After re-watching Michael Moore and Louie thereaux and looking back at my proposal I thought it would be better to cut the vlogs in favour of voiceovers as they would allow me to convey my thoughts to the viewers with having to cut away to me speaking directly into the camera. It would also allow me more freedom and time to focus on other things, as I wouldn’t need to constantly book out the camera and rooms whenever I needed to add anything that needed to be said. If anything at all it was cut for the sake of convenience.

The animator was cut after I came back from recovery, as I just didn’t think I would have enough to find someone and arrange everything I’d need. It was an unfortunate victim of circumstance. In future If I were to ever revisit this project this would be something I’d like to tackle. As I think it would have really enriched the overall feel of the film with an artistic expression of what is being said much like in Bowling for Columbine and the Brony Documentary.


Bowling for Columbine. (2002). Michael Moore [film] usa: Metro Goldwyn Mayer

Bronies: The Extremely Unexpected Adult Fans of My Little Pony. (2012). Laurent Malaquais [film] usa: FilmBuff.

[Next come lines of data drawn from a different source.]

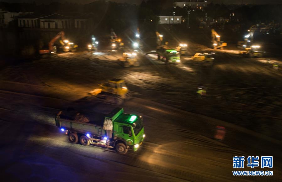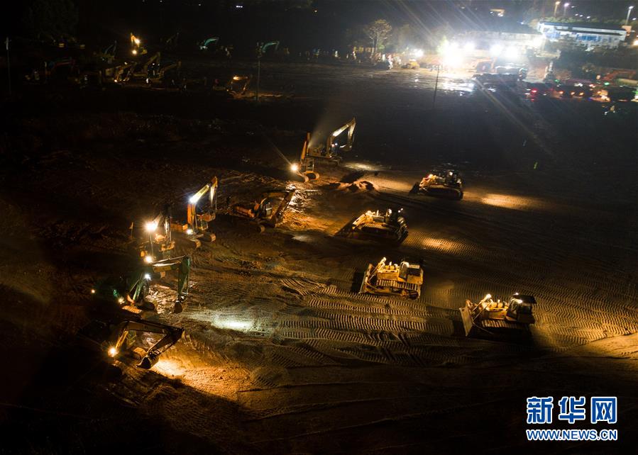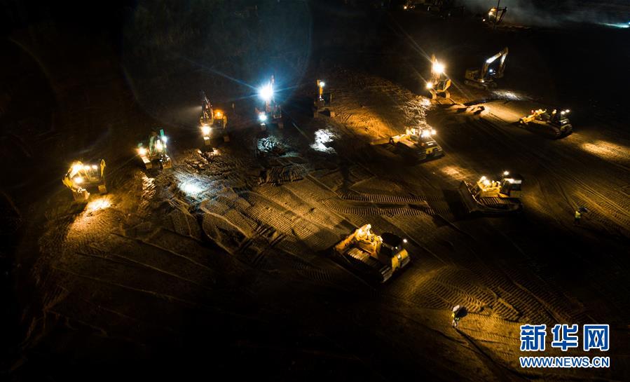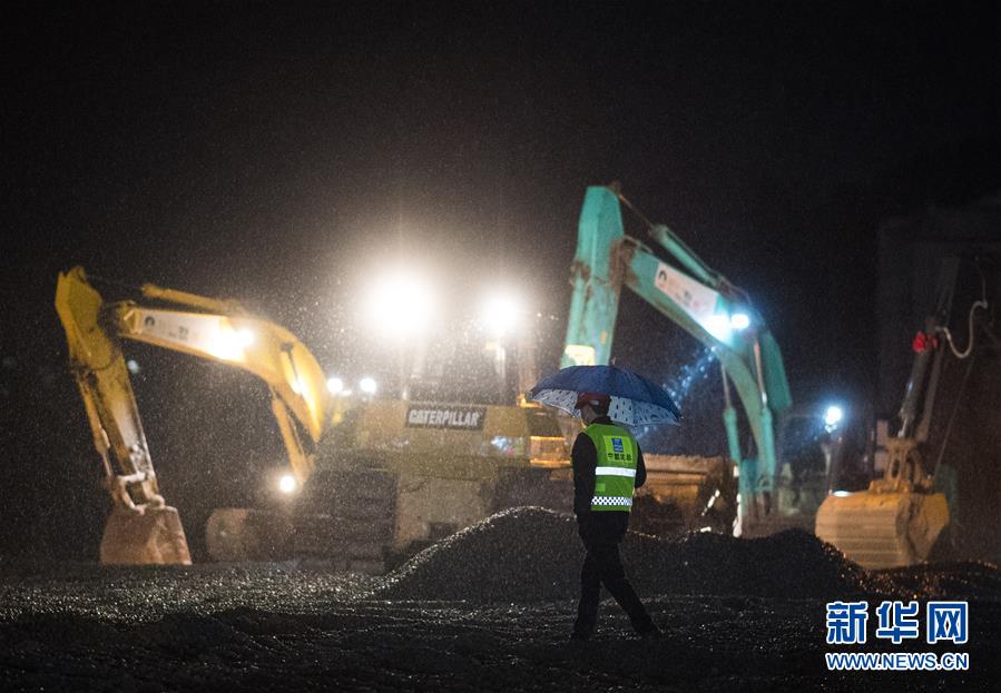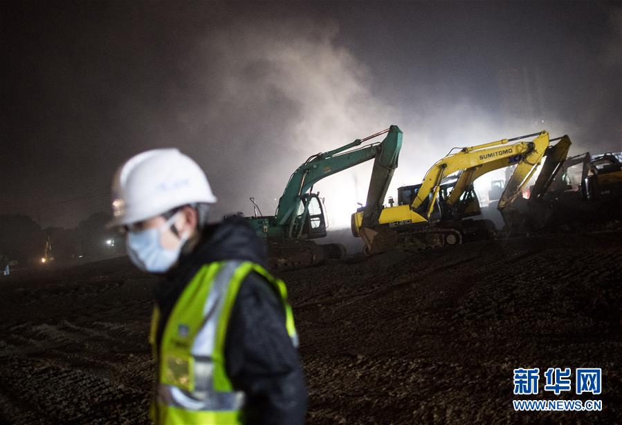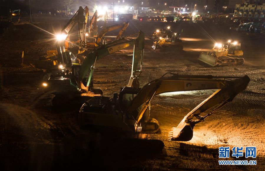 1月24日,在武汉火神山医院建设工地,大型机械加紧施工。 除夕夜,武汉火神山医院建设工地灯火通明,建设团队放弃与家人团聚,加紧建设这座专门医院。 武汉市参照2003年抗击非典期间北京小汤山医院模式,正在蔡甸区建设的专门医院正式命名为火神山医院。新医院计划于2月3日建成,集中收治新型冠状病毒感染的肺炎患者。 新华社记者 肖艺九 摄
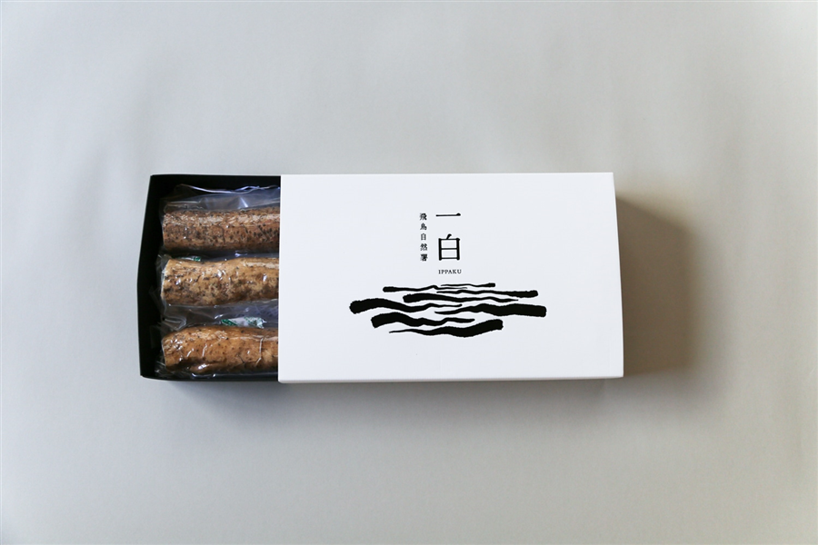 『飛鳥自然薯 一白』を使いやすいようにカットし、1本ずつ真空パックに包装し、3本で合計500gをギフトボックスに梱包しました。
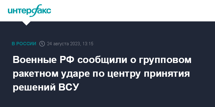 Москва. 24 августа. INTERFAX.RU - Российские военные ночью нанесли групповой ракетный удар высокоточным морским и наземным оружием большой дальности по центру принятия решений Вооруженных сил Украины (ВСУ), заявил официальный представитель Минобороны РФ Игорь Конашенков.
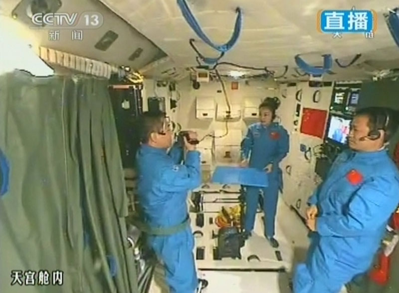 6月20日上午10時許,神舟十號航天員進行中國首次太空授課,女航天員王亞平擔任主講,成為中國首位“太空教師”。(視頻截圖)
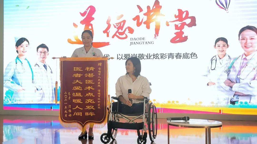 奋斗百年路,启航新征程,在实现“两个一百年”奋斗目标的历史节点上,在举国上下深入推进党史学习教育的关键时刻,9月11日上午,在院党委的指导下,院团委牵头开展了以“追梦时代,爱岗敬业炫彩青春底色”为主题的宝鸡市人民医院2021年第三期道德讲堂。党委书记李凌、党委副书记、纪委书记王立军、党办主任张永丽莅临指导,活动由院办副主任、团委书记谢芳主持。来自医院各科室青年医护人员代表、团员干部、青年文明号号长参加了活动。

Littlejohn, R. (2015). RICHARD LITTLEJOHN: People in fancy dress a ‘vulnerable minority’?. [online] Mail Online. Available at: [Accessed 3 Mar. 2016].

Louis and the Nazis. (2003). Louis Theroux [film] uk: BBC.

Ratcliffe, A. (2014). Comic Book Artist Says Cosplayers Bring Nothing of Value to Conventions | Nerdist. [online] Nerdist. Available at: [Accessed 9 Apr. 2016].

Tom Felton Meets the Superfans. (2015). Tom Felton [film] uk: BBC.